Since 2003, Dr. Rogers has organized annual service learning trips to Nicaragua for dental and dental hygiene students during summer break that are supervised by LLUSD faculty and alumni. His groups set up clinics at a number of locations throughout Nicaragua that include Managua, San Marcos, and Boaco.
“You just don’t see these types of conditions here in America,” Dr. Rogers says. “Everyone works so hard at these service learning clinics,” Dr. Rogers emphasizes. “There are no slackers. We are very tired at the end of each day. But it’s a drop in the bucket,” he adds. “We could be down there full time, 52 weeks a year and seven days a week and still couldn’t meet the need.”
Several years ago, Dr. Rogers obtained a Rotary Foundation grant to construct a clinic at a coffee cooperative and helped broker an agreement with a Nicaraguan dental school to provide ongoing oral healthcare services to the cooperative’s approximately 5,000 workers and their families.
In 2005, Dr. Rogers was elevated to associate professor in the Department of Restorative Dentistry, and then in 2009 was appointed director of Faculty and Leadership Development, a role in which he assists faculty in documenting clinical, scholarly, and service activities that apply toward professional promotions. In 2015 he was appointed as a School of Dentistry representative to the Loma Linda University Institute of Health Policy and Leadership.
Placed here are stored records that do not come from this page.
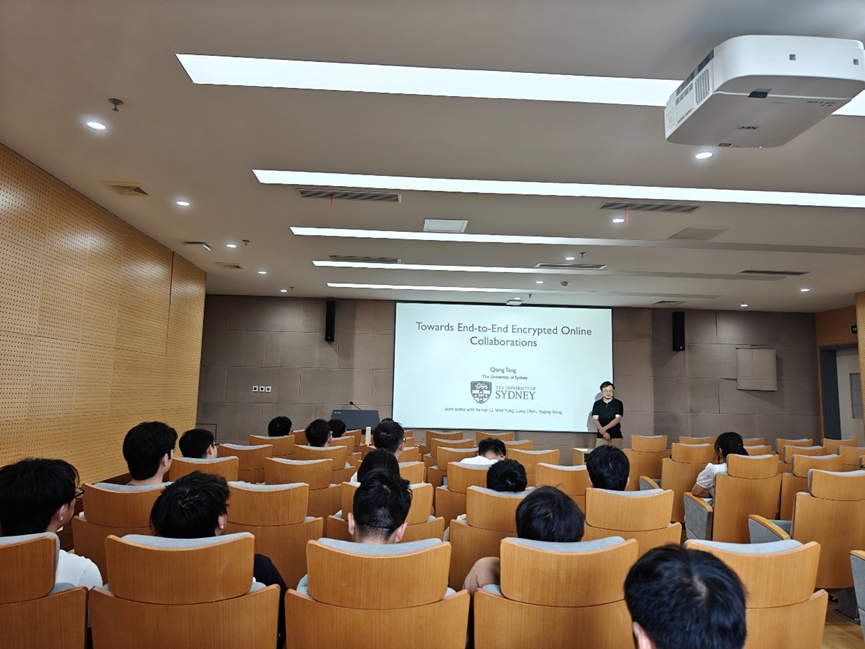 2025年7月11日下午14:30至16:00,K1体育官方网站在江安校区多学科交叉研究创新大楼九楼919报告厅举办了一场题为“面向端到端加密的在线协作”的学术讲座。本次讲座由来自悉尼大学的国际知名密码学专家唐强教授主讲。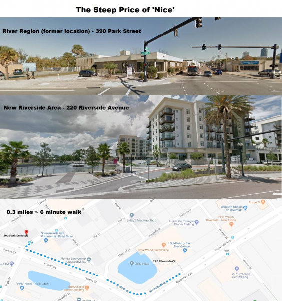 When the lease to the River Region Human Services building ended, the faculty were not allowed to renew the lease in the up-and-coming Riverside area. As seen in the picture to the right, the old building on Park Street is a short walk away from the new and expanding Riverside developments. The companies, businesses, and apartment complexes in this area did not want a methadone clinic in the now upscale neighborhood. They undoubtedly wanted to attract the middle class and make the area appear “nicer.” However, the methodology is extremely short-sighted, as now clients who live in Health Zone 1 will no longer have easy access to treatment for addiction and mental health conditions. The new location is now south of the St. John’s river in an area that is relatively isolated from Health Zone 1, public transportation stops, and many patients who need treatment. This could have detrimental effects on the health of the community, and add yet another huge barrier to healthcare access in the most needy of populations.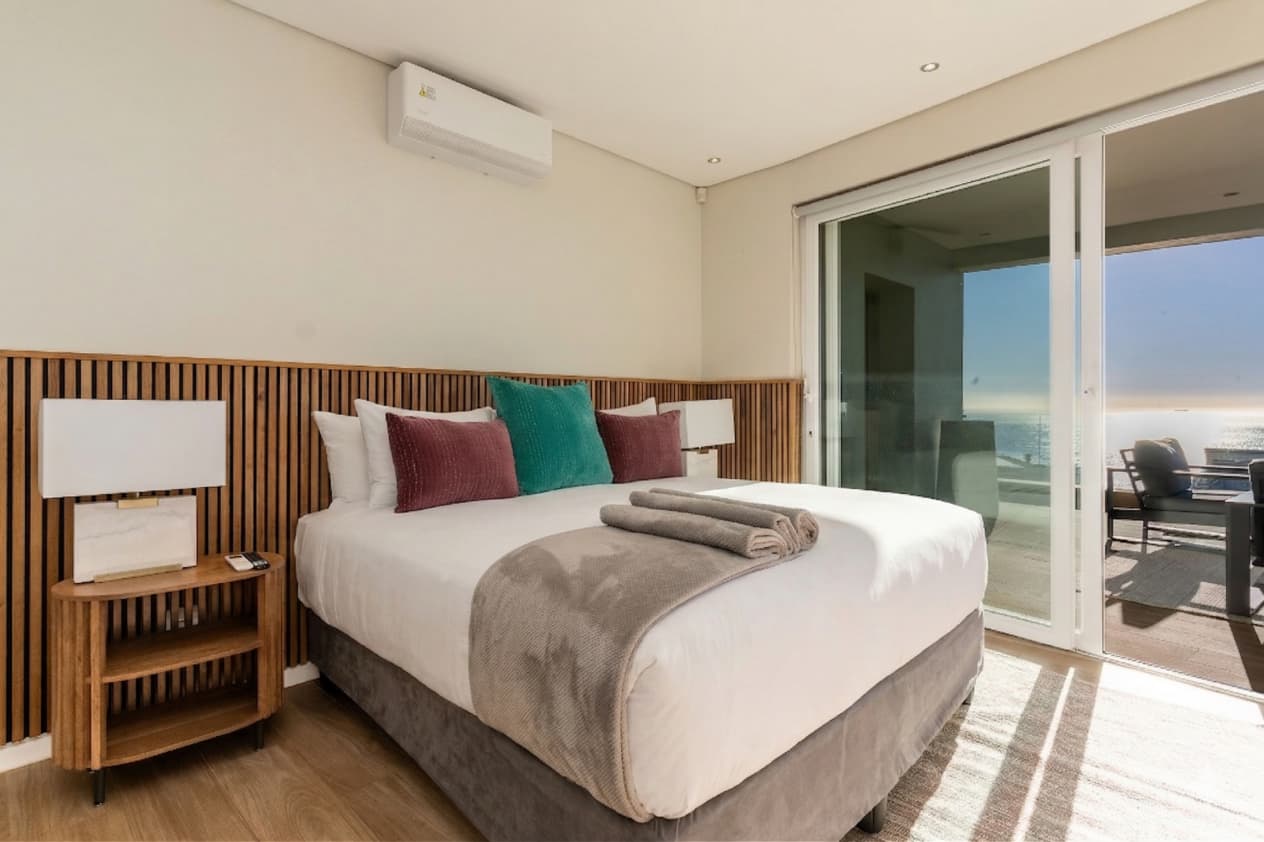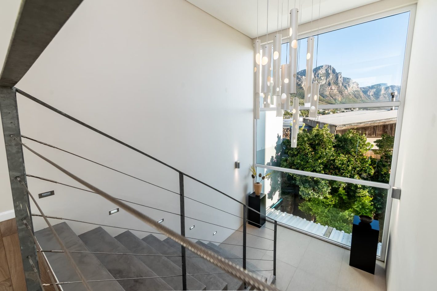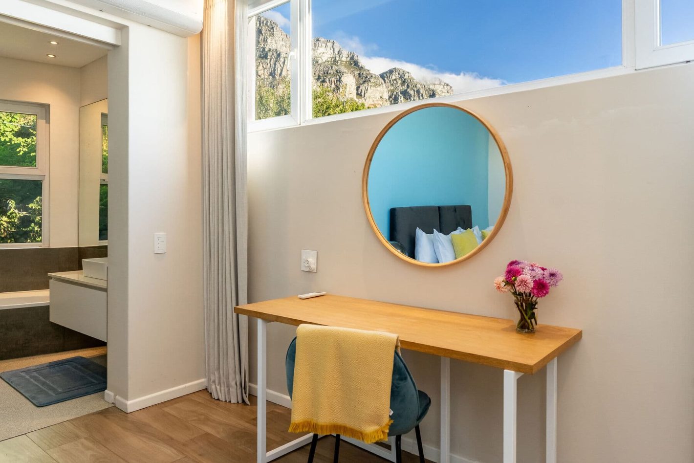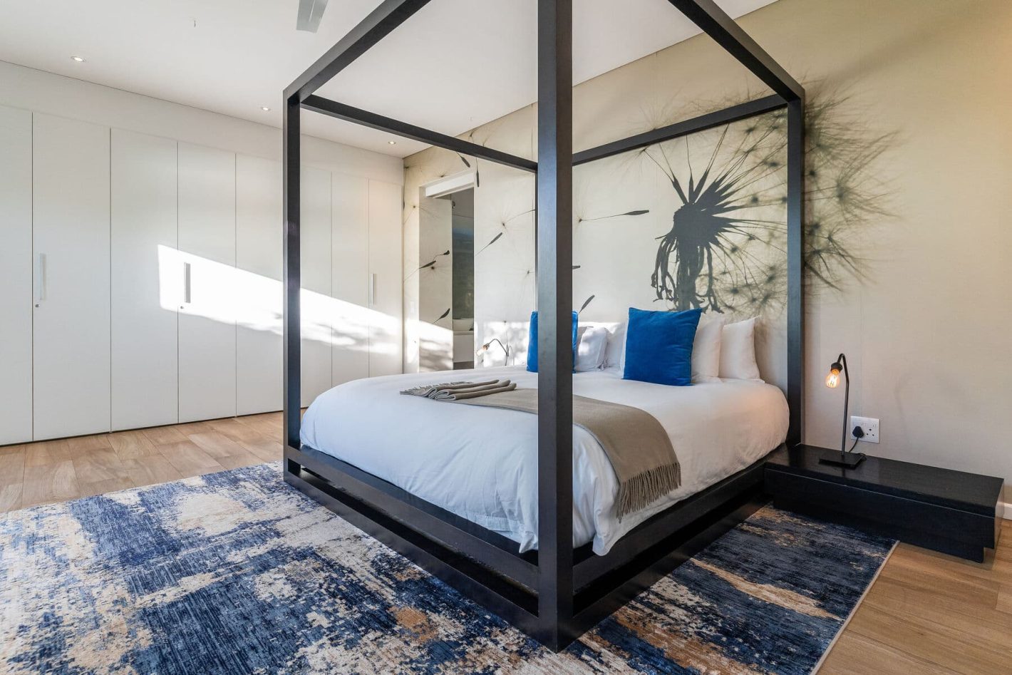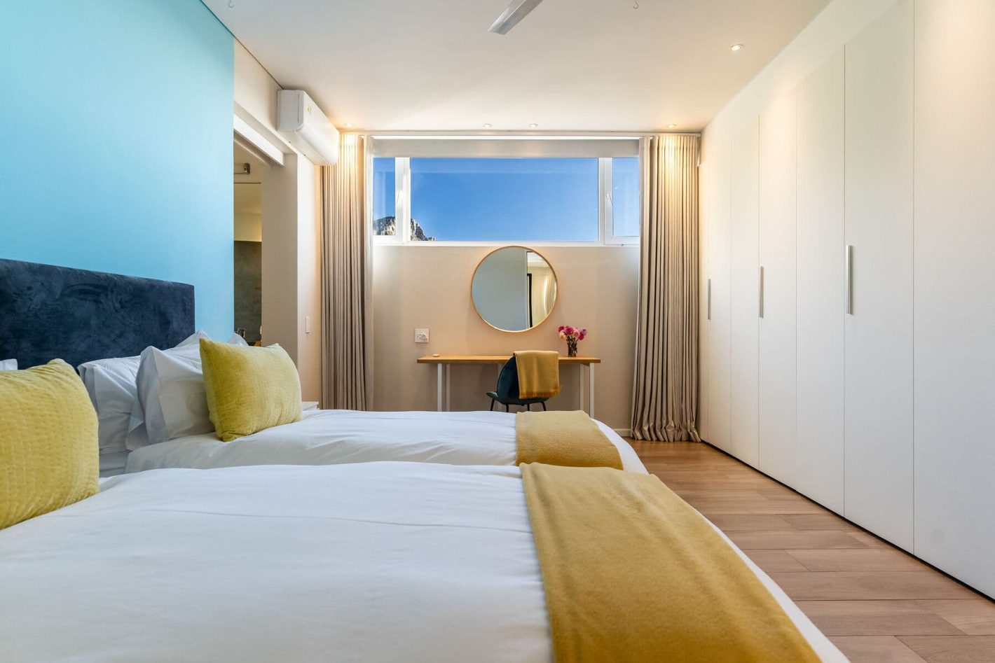 The main penthouse features four luxurious bedrooms. The upper level includes three en-suite bedrooms, each complete with a bath, shower, toilet, and basin. Two of these rooms offer direct access to private outdoor areas with stunning Table Mountain vistas. A fourth bedroom is located near the main penthouse entrance. The lower level (second floor) hosts the two additional self-contained apartments, each with a bedroom, kitchen/kitchenette, private bathroom with shower, and access to an outdoor patio with seating and a gas Weber braai, ensuring privacy and convenience for all guests.

Dr. Rogers’ has rendered important service to the School by his effective coordination of two accreditation site visits (2002 and 2009), and his significant role in the 2016 site visit that resulted in excellent outcomes for the School.
Dr. Rogers was recognized for his contributions to Loma Linda University and to the wider world community at the 2014 Conferring of Degrees with the School Distinguished Service Award. He was recommended for promotion to professor in 2016.
For 46 years Dr. Rogers has been married to Jan, his favorite nurse. The couple has three adult children. A lifelong lover of the ocean and surfing, he caught his last wave in 2010.